Suigetsu terkekeh keras saat melihat tubuh pemuda raven itu basah dengan cairan manis tadi. Membuat rambut serta pakaiannya menjadi berwarna merah muda dan terasa lengket.

Karin terlihat puas dengan hasilnya. "Okay, done!" Ucapnya yang melenggang pergi bersama gerombolannya. Meninggalkan Sasuke yang hanya bisa mengepalkan tangannya dengan erat, namun tidak bisa melakukan apapun selain menghela napas pasrah.

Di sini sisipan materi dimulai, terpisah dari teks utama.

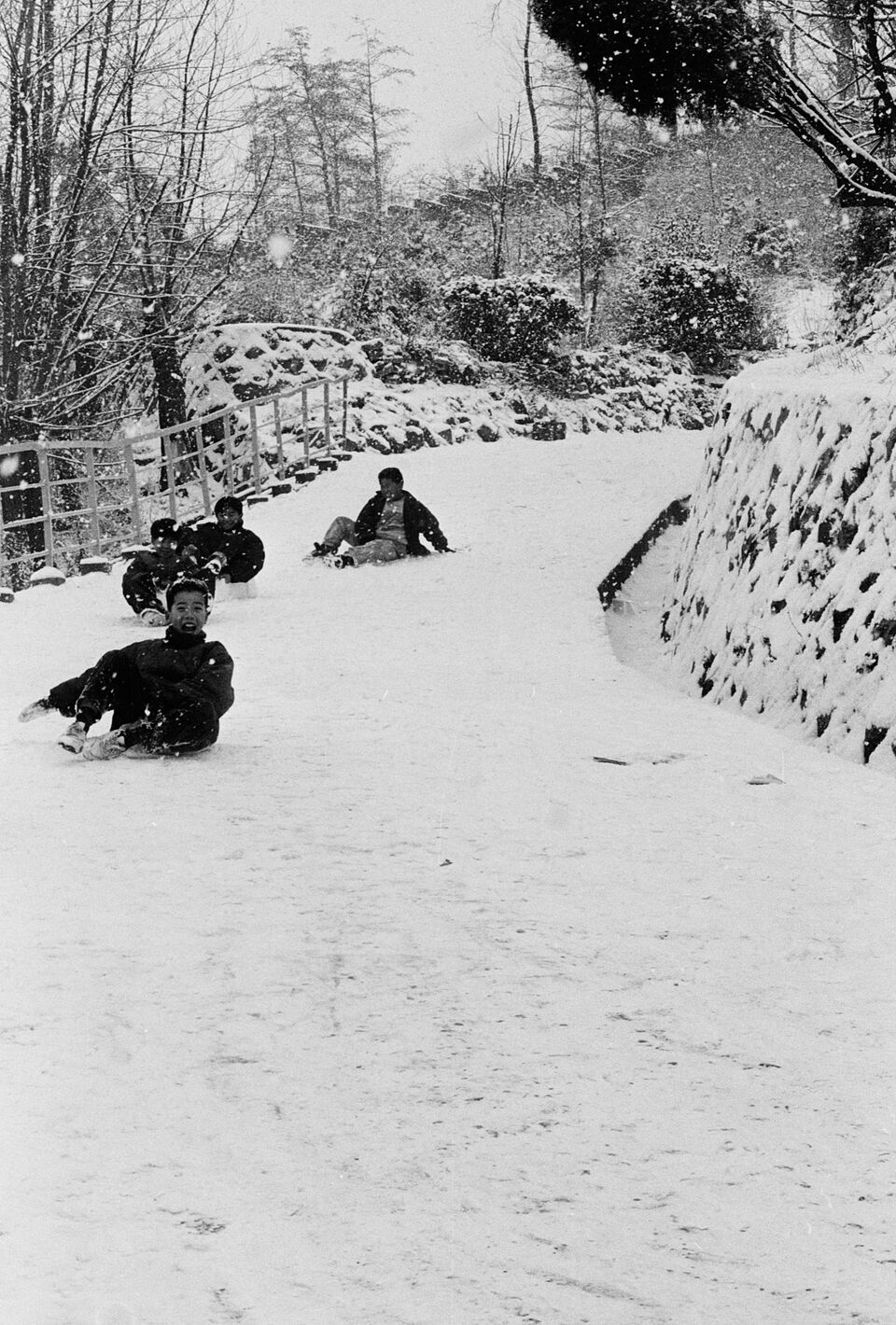 동네 천연 눈썰매장 야호. “연탄재 깔리기 전에 신나게 달리자”

"Sebaiknya aku pulang dan mengganti seragam. Aku harap Kakashi-san tidak marah saat aku terlambat nanti." Gumamnya pelan.

Setuju dengan pemikirannya itu, Sasuke mulai berbalik dan berjalan menjauh. Tetapi baru satu langkah dari tempatnya, matanya sudah terjatuh pada sesosok pemuda bertubuh tegap dengan rambut spiky pirang, dan cengiran yang cukup menawan terpasang di wajahnya.

"Hai—" Pemuda pirang itu melambai riang. "—Namaku Uzumaki Naruto. Aku mencari ruang kepala sekolah, kebetulan aku ingin mengurus kepindahanku ke sekolah ini." Jelasnya lengkap.

Sasuke mendengus pelan kemudian menunjuk ke arah koridor di belakangnya. "Lurus saja dan belok kanan. Kau akan menemukan ruang kepala sekolah." Jawabnya singkat, padat dan jelas.

Pemuda bernama Naruto itu mengangguk paham kemudian bergerak menuju ke arah Sasuke. "Siapa namamu?" Tanyanya.

Sang Uchiha mundur sejenak. Tidak suka dengan kedekatan pemuda itu. "Sasuke."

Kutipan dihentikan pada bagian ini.